THE COMMON SENSE MANIFESTO

The Fourth Way: how a new economics can help create a prosperous, socially inclusive and environmentally sustainable society

The Common Sense Manifesto is an extensive 70 page summary of Crisis, Economics and the Emperor’s Clothes. The Common Sense Manifesto provides only a brief summary of the shortcomings of economics and then discusses the present and future consequences of the resulting faulty financial and economic policy prescriptions for society. This is followed by an outline for a new economics, a social science that can help define the policies needed for escaping the economic crisis by investing in creating an economy that works for all and a society that is socially inclusive and environmentally sustainable, at national and global level.

Purpose

The Common Sense Manifesto aims to contribute to sustainable development: the process aimed at creating a society that is economically and socially inclusive and environmentally sustainable. It offers the outlines of a Fourth Way, as an alternative to right wing ideology, left wing ideology, and the Third Way. The Third Way is a combination of right-wing economic and left-wing social policies that gathered momentum in the 1990s as the new political ideology of many social democratic parties, especially in Europe. It has since been largely discredited as a result of the global financial and economic crisis, rising inequality, stagnating lower and middle incomes, deteriorating and more expensive public services, and growing job insecurity. This has led to many European social democratic parties being routed at the polls, and a major defeat of the Democratic Party in the US in 2016.

The Fourth Way

The Fourth Way has in common with the Third Way the attention for social policy as a means to provide equal opportunities to all citizens. However, the Fourth Way radically differs in its approach to economic policy. Considering the disastrous consequences of right wing economic policies since the 1990s, the need for an economic alternative contributing to rather than hindering economic and social inclusiveness and environmental responsibility is greater than ever.

Rebuilding economics

The goal of the Fourth Way, to foster sustainable development, requires rebuilding economics. A new economics is needed both to lead the global economy out of the economic and financial crisis that started in 2007, and to free the productive potential of our global society to address the economic, social and environmental problems facing humanity. This manifesto depicts how a new economics, a social science giving better insight in economic processes, can help unlock humanity’s productive potential and put it to work to meet society’s social, economic and environmental challenges.

Where

To download The Common Sense Manifesto free of charge as a pdf file click here.

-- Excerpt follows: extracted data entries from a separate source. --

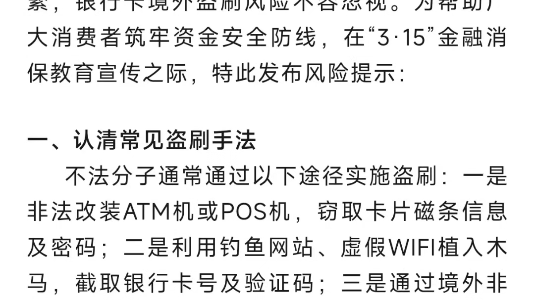 3.15消保教育宣传| 警惕银行卡境外盗刷,守护钱袋子
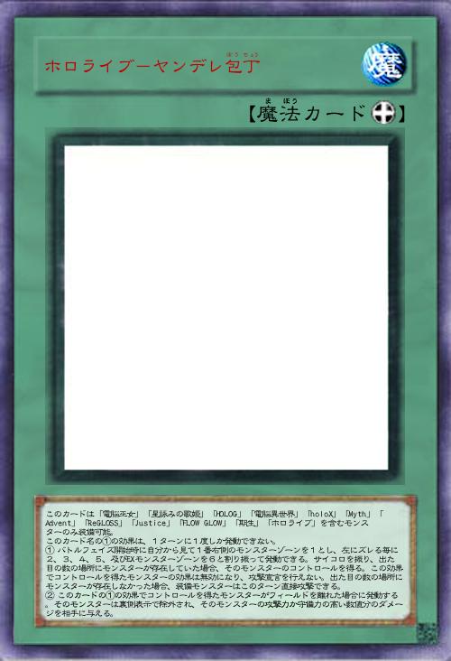 | このカードは「電脳巫女」「星詠みの歌姫」「HOLOG」「電脳異世界」「holoX」「Myth」「Advent」「ReGLOSS」「Justice」「FLOW GLOW」「期生」「ホロライブ」を含むモンスターのみ装備可能。 このカード名の①の効果は、1ターンに1度しか発動できない。 ①∶バトルフェイズ開始時に自分から見て1番右側のモンスターゾーンを1とし、左にズレる毎に2、3、4、5、及びEXモンスターゾーンを6と割り振って発動できる。サイコロを振り、出た目の数の場所にモンスターが存在していた場合、そのモンスターのコントロールを得る。この効果でコントロールを得たモンスターの効果は無効になり、攻撃宣言を行えない。出た目の数の場所にモンスターが存在しなかった場合、装備モンスターはこのターン直接攻撃できる。 ②∶このカードの①の効果でコントロールを得たモンスターがフィールドを離れた場合に発動する。そのモンスターは裏側表示で除外され、そのモンスターの攻撃力か守備力の高い数値分のダメージを相手に与える。 | |||
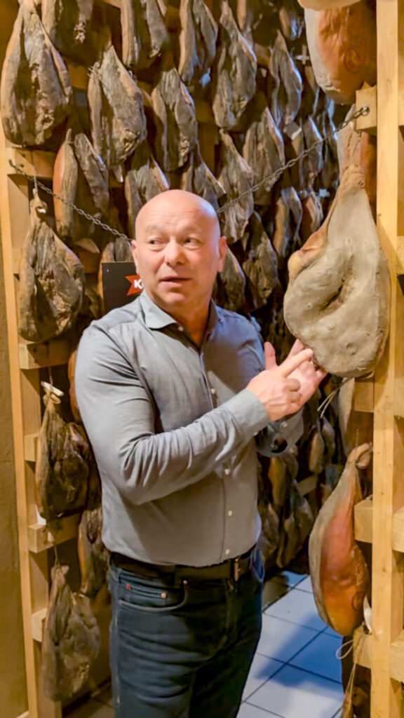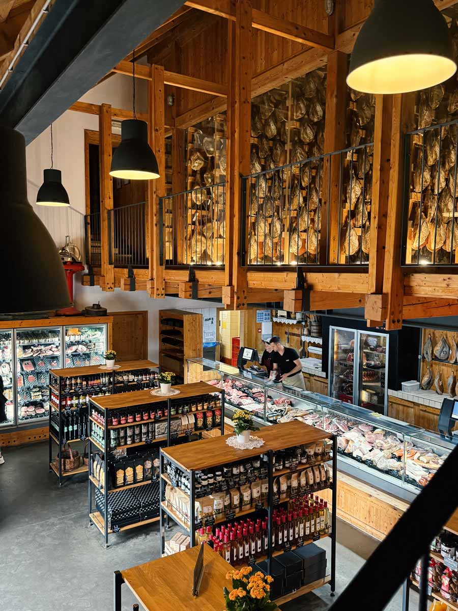Svi su proizvodi maksimalno prirodni, bez aditiva, osim malog udjela nitrata u nekim salamama i kobasicama. Meso se suši na prirodnom dimu bukova drveta. Dvorana s pršutima zgleda impresivno: neki su pršuti bitno dulji od metra. Najstariji pršuti odležavaju 36 mjeseci.

A printed version of The Common Sense Manifesto is available at Lulu.com (http://www.lulu.com/shop/frans-doorman/the-common-sense-manifesto/paperback/product-21140665.html) or at Amazon or Barns & Noble

Summary in propositions

The main points of Crisis, Economics and the Emperor’s Clothes and The Common Sense Manifesto are summarized in fourteen propositions.

Note:

In April 2012, the term Common Sense Manifesto gave 4580 results on Google. The term has been used by various individuals and groups but there appear to be no claims to exclusive rights.

At the time the term Fourth Way had 634,000 hits, referring primarily to an approach to self-development developed by Greek-Armenian philosopher G.I. Gurdjieff in the early 20th century and published in book form under the name “The Fourth Way” in 1957. “The Fourth Way” had not yet been used in a political sense, and was therefore claimed in “The Common Sense Manifesto” and on this website as the set of ideas on economics, the economy and sustainable development discussed in the Common Sense Manifesto and in “Crisis, Economics and the Emperor’s Clothes”.

Update: March 2017: Unfortunately, the term Fourth Way has now also been used by Hugh Hewitt, a conservative radio host, in his book “The Fourth Way: The Conservative Playbook for a Lasting GOP Majority”. Hewitt uses term Fourth Way to distinguish his platform from FDR-style liberalism, Reagan conservatism and the Clintonian Third Way.

He describes the Fourth Way as “a recasting of long-stalemated left-right politics, absorbing most of the traditional Reagan agenda (and methods) — free markets and strong defense — while adding an emphasis on improvements in infrastructure and modernized delivery of those parts of government that cannot be replaced by the private sector.” (cited from a review in The Washington Post: https://www.washingtonpost.com/news/book-party/wp/2017/01/19/a-conservatives-plan-for-trump-to-win-win-win-or-at-least-avoid-impeachment/.

Hughes “Fourth Way” would appear little more than traditional conservative policy, with the very minor twist of paying attention to infrastructure. But certainly not something to offer up as a “new” vision or “way” of where we want society to go and how to get there.